The algorithm consists of three main steps: 1. The energy map of the image is computed; 2. The cumulative energy is generated; 3. A backtracking of the minimum or maximum energy seams is elaborated.

Different image measures such as the image gradient L1 and L2 norm, saliency measure, Harris-Corners measure, the image entropy, and the histogram of gradients are suitable to compute the image energy map depending on the application of seam carving (Avidan & Shamir, Citation2007).

Seam carving was first introduced for line segmentation by Saabni et al. in (Saabni & El-Sana, Citation2011) on binary images and in (Saabni et al., Citation2014) for gray images. The authors started by computing the energy map using the signed distance transform (SDT) such that pixels inside the components have a negative energy map and the pixels outside the components have a positive energy value. Consequently, minimal energies generate seam-crossing components called medial seams. The authors evaluated their algorithm on the Al-Majid dataset and found that 98.9% of lines were correctly extracted. Their proposed approach suffers from seams’ jumping between lines due to the large horizontal space.

In (Arvanitopoulos & Susstrunk, Citation2014), the authors applied the SDT as well. However, before applying the seam carving algorithm, the pre-processing of large components with long ascenders and descenders is performed. The touching parts of ascenders and descenders are removed. The energy is accumulated such that energy from far pixels is weakened. This process avoids the under-segmentation of text lines. In (Daldali & Souhar, 2018), a similar method was applied for Arabic document segmentation into text lines.

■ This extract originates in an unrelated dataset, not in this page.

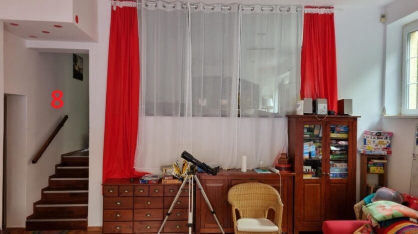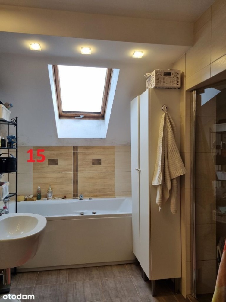 8. Opis techniczny – Materiał budynku: cegła – Dach dwuspadowy, z dachówki ceramicznej. Ogrzewanie: gazowe – Media: prąd, woda, gaz, kanalizacja – Okna plastikowe trzyszybowe wymienione w 2022r. w głównej części; dwa garaże, piwnica

The authors of (Zhang & Tan, Citation2014) proposed a constrained seam carving algorithm to extract lines from color and grayscale documents. They first find the medial seam using the smoothed horizontal projection profile algorithm on image slices. Then they computed the separating seams using a modified seam carving algorithm. A separating seam is constrained between two successive medial seams. They generated the energy map using the Gaussian gradient of the grayscale image. Constraining the separating seams to be located between medial seams avoids the problem of jumping seams between successive lines. Their best results for the Al-Majid-A dataset had 93.6% separating seams that were computed correctly. Meanwhile, only 54.4% of the seams were computed correctly in the Thomas Jefferson dataset. The majority of the errors are due to seams that assign punctuation marks or diacritics to the wrong line or to large ascenders or descenders.

5. Methodology

Our proposed method is composed of three steps: pre-processing, segmentation, and association.

5.1. Pre-processing stage

This stage is essential to prepare the image for the subsequent stages; it directly affects the efficiency and reliability of the segmentation and association stages. It includes filling small loops, removing small objects from the binary image, and cropping the edges (see Figure ). Some Arabic characters have loops (ها, ص, ض, ط, ظ ف, ق, م, و), and these loops are responsible for low-energy regions (holes) that, if retained, may be crossed with low-energy seams.

Figure 5. Filling Holes Operation (a) Original image, (b) Image after holes filling.

Figure 5. Filling Holes Operation (a) Original image, (b) Image after holes filling.

In this phase, the secondary components, such as diacritics, hamza, and dots, are removed using a morphological operator. However, to associate them correctly after the segmentation stage, their coordinates are subsequently extracted. The steps involved in the removal of secondary components are described in Figure .

Figure 6. Remove diacritics and save coordinates algorithm.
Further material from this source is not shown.